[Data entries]
===============

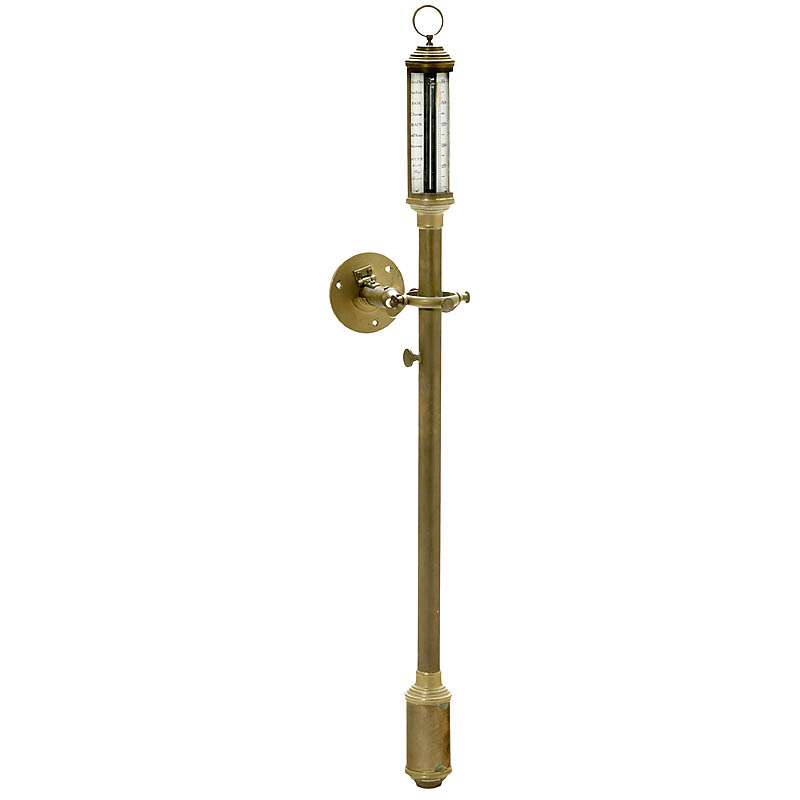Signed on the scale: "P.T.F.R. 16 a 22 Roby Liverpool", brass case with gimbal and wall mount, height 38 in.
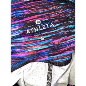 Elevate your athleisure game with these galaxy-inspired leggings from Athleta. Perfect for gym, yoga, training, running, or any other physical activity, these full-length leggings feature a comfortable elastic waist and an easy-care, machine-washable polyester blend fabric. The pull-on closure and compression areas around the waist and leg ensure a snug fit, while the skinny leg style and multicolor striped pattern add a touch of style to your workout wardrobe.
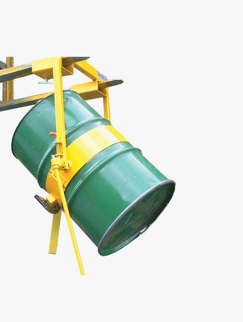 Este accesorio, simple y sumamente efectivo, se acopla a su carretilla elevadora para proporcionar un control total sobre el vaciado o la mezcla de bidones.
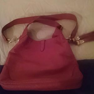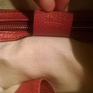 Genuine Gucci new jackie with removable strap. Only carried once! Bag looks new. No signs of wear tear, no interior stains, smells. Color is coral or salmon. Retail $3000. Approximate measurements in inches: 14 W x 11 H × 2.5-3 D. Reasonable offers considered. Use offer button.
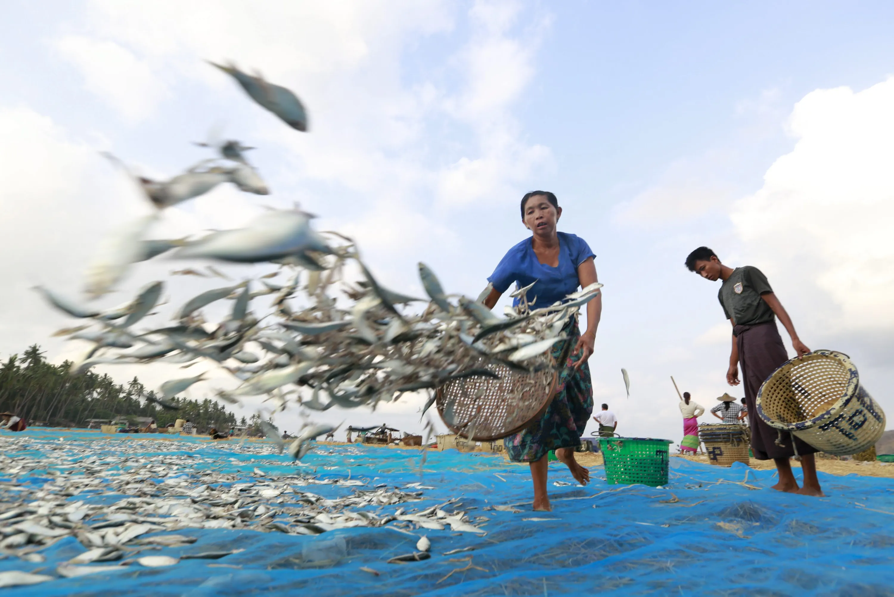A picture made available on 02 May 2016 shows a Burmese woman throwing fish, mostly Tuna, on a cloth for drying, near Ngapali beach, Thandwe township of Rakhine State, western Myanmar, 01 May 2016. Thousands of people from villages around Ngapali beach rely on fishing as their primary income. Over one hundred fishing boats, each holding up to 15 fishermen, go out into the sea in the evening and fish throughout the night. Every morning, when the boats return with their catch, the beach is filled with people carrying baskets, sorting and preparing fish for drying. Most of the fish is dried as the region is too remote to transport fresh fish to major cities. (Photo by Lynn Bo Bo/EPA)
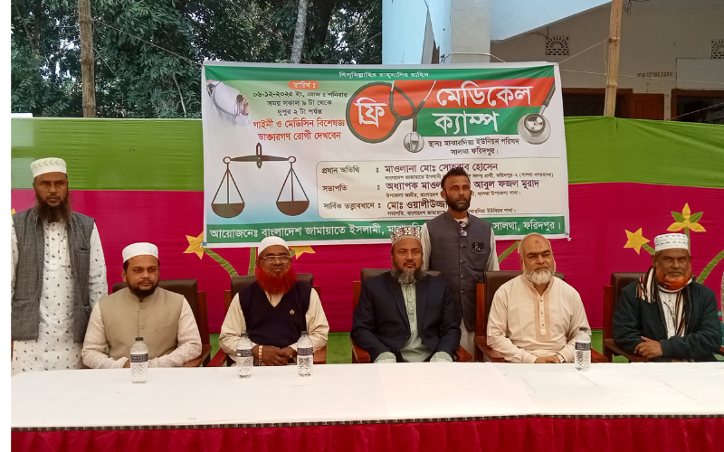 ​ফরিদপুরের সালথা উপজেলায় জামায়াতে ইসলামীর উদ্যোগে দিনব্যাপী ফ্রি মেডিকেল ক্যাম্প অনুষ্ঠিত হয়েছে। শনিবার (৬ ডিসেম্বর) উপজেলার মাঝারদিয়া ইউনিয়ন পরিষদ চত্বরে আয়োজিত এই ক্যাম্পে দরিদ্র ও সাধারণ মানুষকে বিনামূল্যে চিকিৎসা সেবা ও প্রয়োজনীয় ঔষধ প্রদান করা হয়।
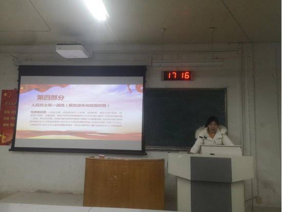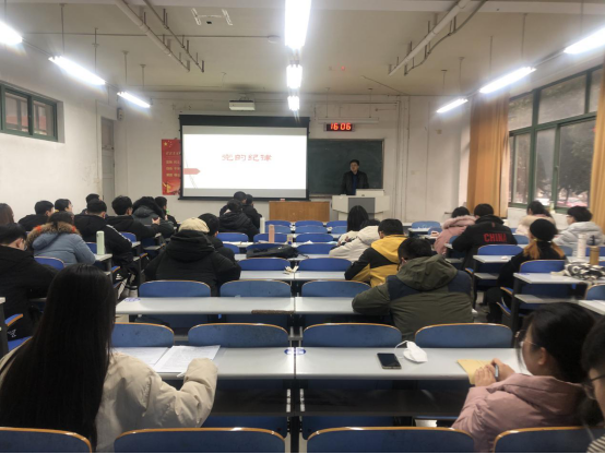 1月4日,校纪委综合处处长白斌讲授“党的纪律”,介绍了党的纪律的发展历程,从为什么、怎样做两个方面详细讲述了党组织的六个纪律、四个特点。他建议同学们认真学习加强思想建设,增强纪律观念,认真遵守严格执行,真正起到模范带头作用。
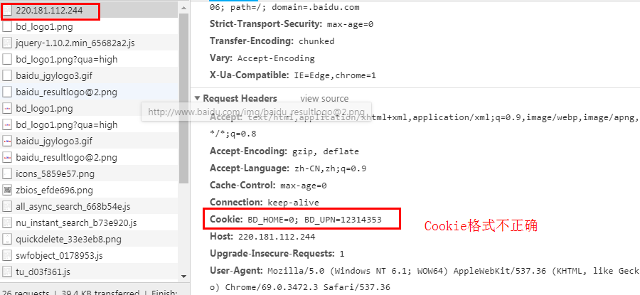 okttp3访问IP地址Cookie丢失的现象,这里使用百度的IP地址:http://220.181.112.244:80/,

===============

No pictures belong in the output. Restate word for word only the lines from the one containing "1月4日,校纪委综合处处长白" to the end of the entries above.

> **ANSWER TO THE EXERCISE**
 1月4日,校纪委综合处处长白斌讲授“党的纪律”,介绍了党的纪律的发展历程,从为什么、怎样做两个方面详细讲述了党组织的六个纪律、四个特点。他建议同学们认真学习加强思想建设,增强纪律观念,认真遵守严格执行,真正起到模范带头作用。
 okttp3访问IP地址Cookie丢失的现象,这里使用百度的IP地址:http://220.181.112.244:80/,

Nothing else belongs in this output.